In recent years, some Native American populations have sought to turn back the hands of time and raise the nutritional standards in their communities. The University of Kansas’ American Indian Health and Diet Project, for example, connects Native Americans on Minnesota’s White Earth Reservation with wild rice, corn, and other traditional foods. Profits from that project fund the White Earth Land Recovery Project, an effort to preserve original land practices. The University of North Carolina also started gardens through its Healthy, Native North Carolinians project.
There’s also been some legislative progress in this area. Last November, Navajo Nation President Ben Shelly signed the United States’ first junk food tax into law as part of an effort to curb consumption of healthy food and fund wellness projects among the more than 300,000 people living on the reservation that spans three states. The tax, which goes into effect next month, will generate an estimated $1 million annually for greenhouses, food processing and storage facilities, traditional food cooking classes, community gardens, and other initiatives to promote healthy eating.

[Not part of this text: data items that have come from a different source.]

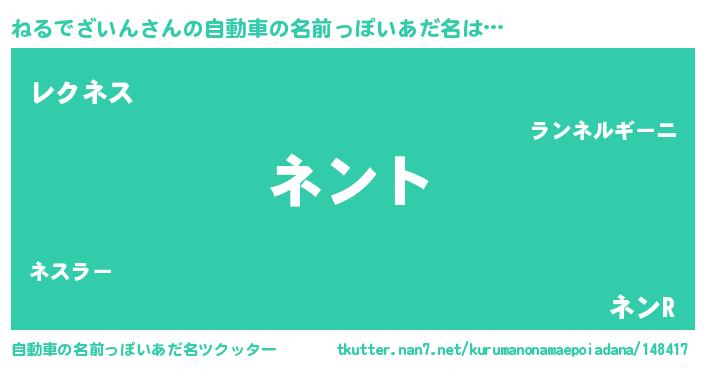 | 欧米人風あだ名 | 『ウサインねるでざいん』 |
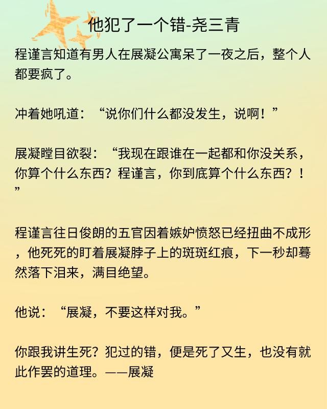《他犯了一个错》讲述的是展凝和程谨言的爱情故事,也是一篇重生文。
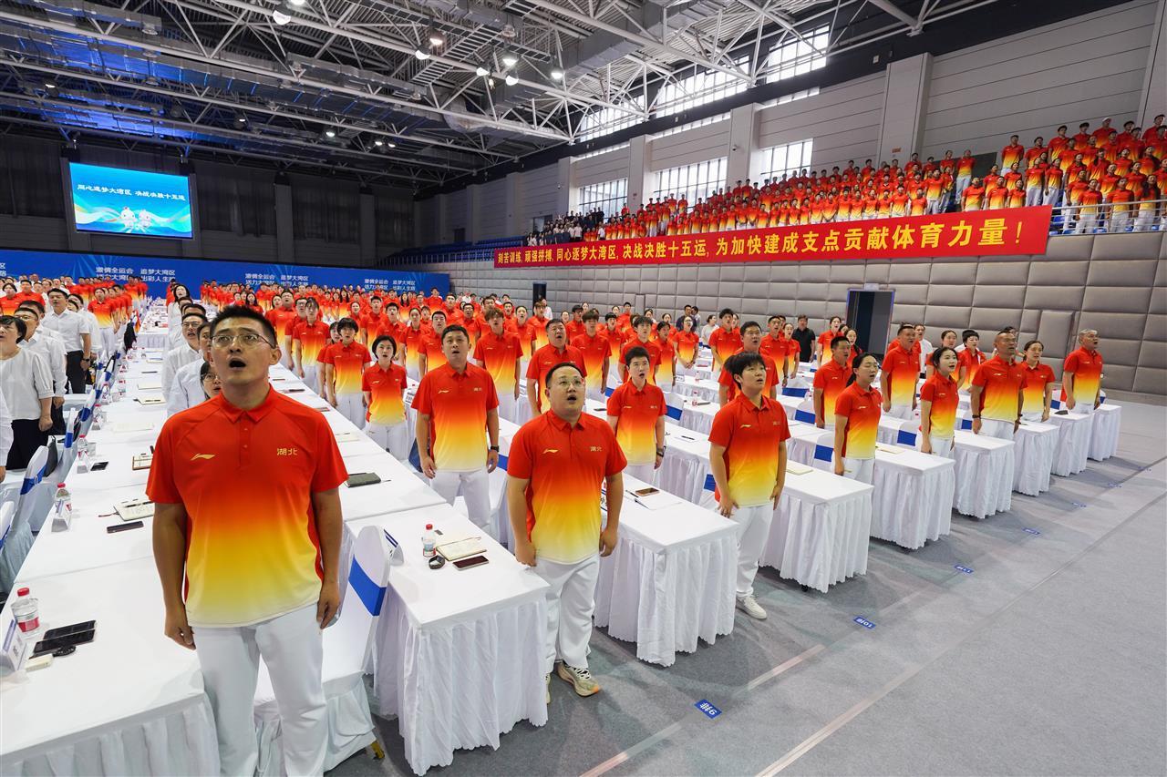 10月10日上午,第十五屆全國運動會湖北省體育代表團成立暨出征誓師大會在武漢舉行。由王宗源、鄭欽文、汪周雨、昌雅妮、孫佳俊等奧運冠軍領銜的604名湖北體育健兒,將在本屆全運會上力爭佳績,捍衛(wèi)湖北榮光。
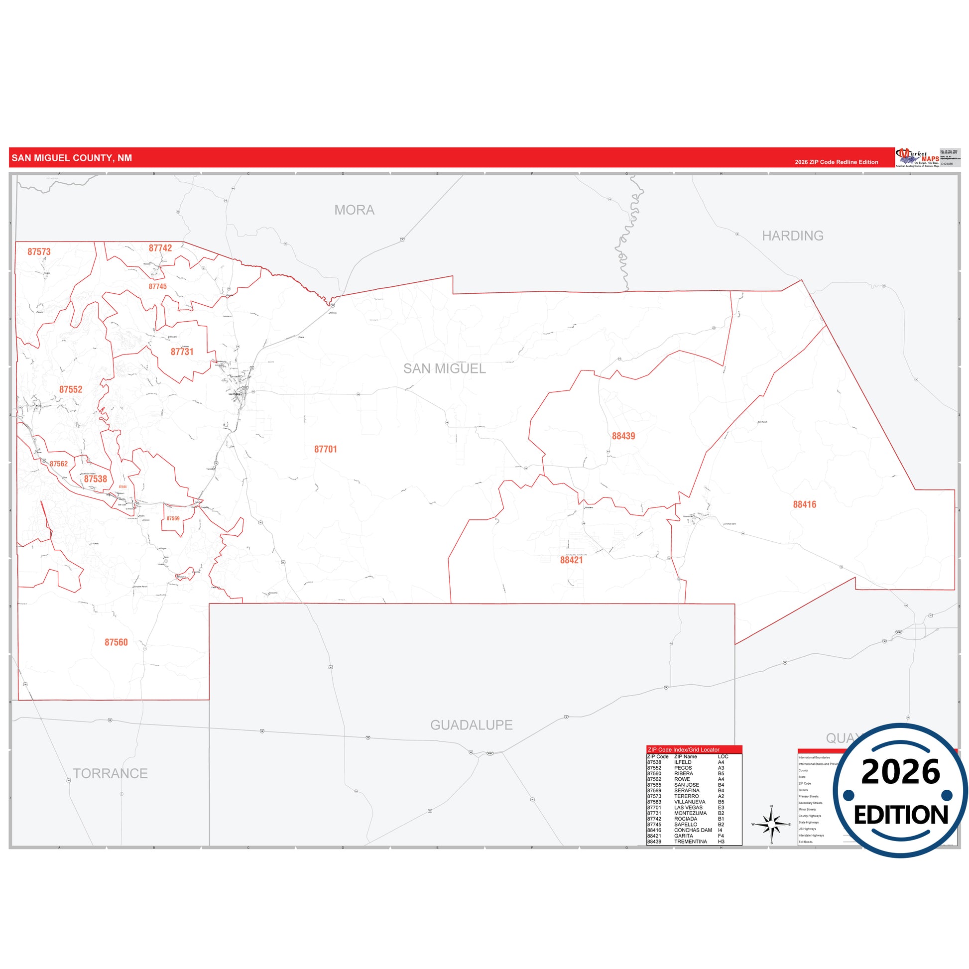 - 5 Digit ZIP Codes with grid locator.
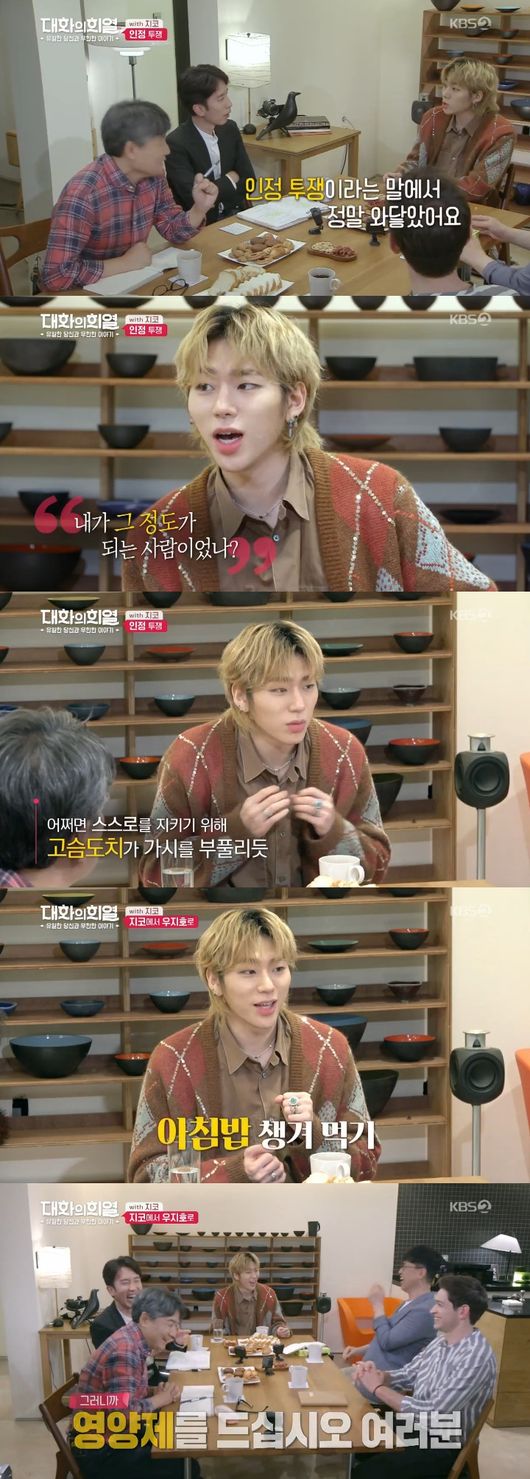 강원국 작가가 말한 ‘인정 투쟁’이라는 말에 깊이 공감한 지코는 “‘날 좀 봐줘. 나 이만큼 한다고. 더 보여줄게’하면서 더 쏟아낸 거다. 그렇게 모든 것을 쏟아내고 나니까 내 가사 안에서 강하게 직설적이게 표현을 했는데 내가 그 정도가 되는 사람인가를 스스로 생각해보게 되더라. 나는 그렇게 강하지는 않을 것 같은데 방어 기제에서 비롯된 것이 아닐까 싶었다. 이제 안에 있는 저를 살피기 시작했다”고 털어놨다. 그 일환으로 지코는 일어나서 아침밥을 거르지 않고 영양제를 챙겨 먹기 시작했다고 밝혀 웃음을 자아내기도 했다.
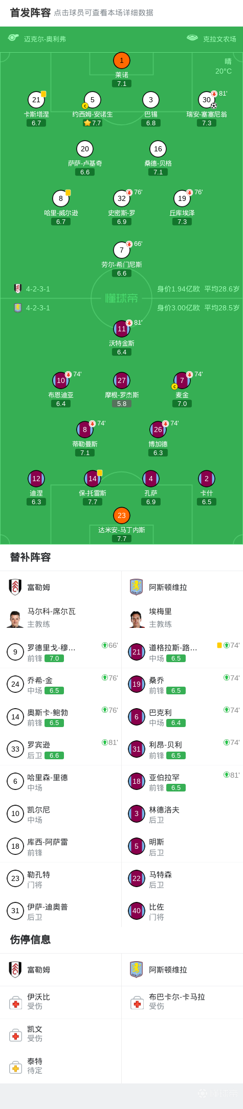 北京时间4月25日英格兰足球顶级联赛 联赛 第34轮,富勒姆主场对阵阿斯顿维拉。富勒姆瑞安-塞塞尼翁破门。最终比分富勒姆 1-0 阿斯顿维拉。
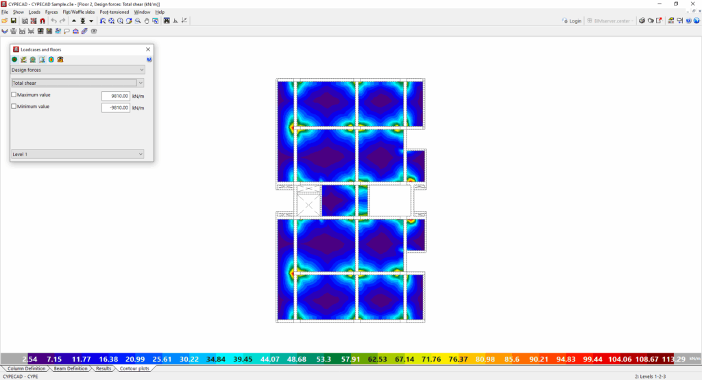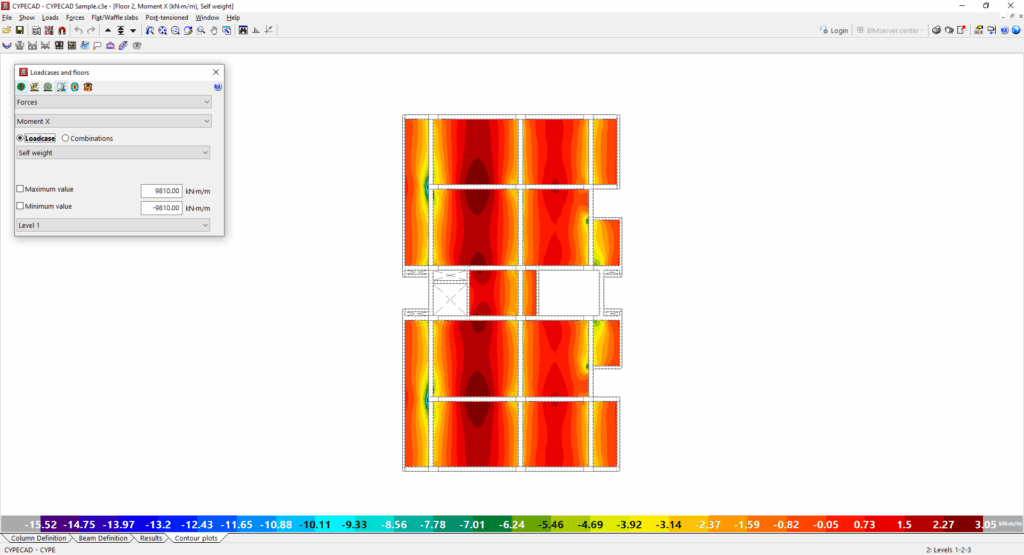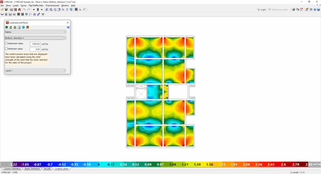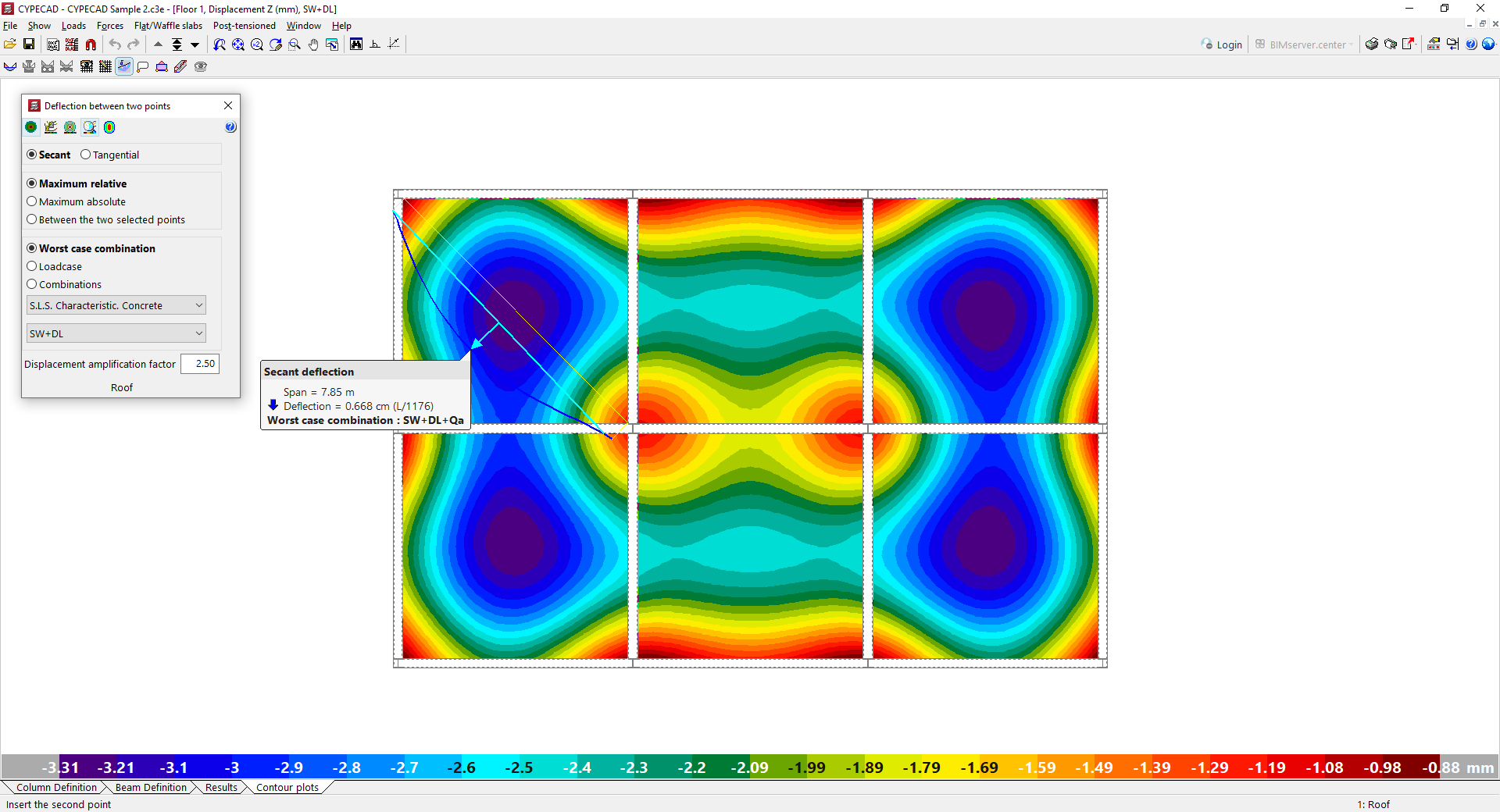 Después de realizar la configuración de los parámetros mencionados, es posible consultar en planta la flecha de una losa o de un forjado reticular.

The new food tax, in tandem with a spring 2014 amendment that removed a five percent tribal sales tax on fresh fruits and vegetables, may help Native American communities engage in discussion about how to best live a healthy lifestyle.
“I’ve been telling the councils, food can either empower us and make us strong, or it can kill us. Healthy food is not just our tradition, it’s our identity. This is the start of a return to food sovereignty,” Denisa Livingston, a community health advocate with the Diné Community Advocacy Alliance (DCAA), a grassroots organization of community volunteers that authored the legislation, told Mother Jones.
Fulfilling the goal of food sovereignty for Native Americans, however, is a huge undertaking that will take an untold number of dollars. Seeds of Native Health, the SMSC’s latest philanthropic effort for Native Americans nationally, represents what’s arguably the largest investment of a previously underserved community.
In a meeting during which leaders announced the initiative, SMSC leaders said that they hope to attract more partners and donors that understand the gravity of the current health epidemic. “We really trust our communities and our people to tell us what they need,” Lori Watso, the tribe’s secretary-treasurer, told the Minnesota Star Tribune. “They may come to us and say that [they] need to actually grow food; they may need to develop educational programs to help their community members understand how to utilize this food.”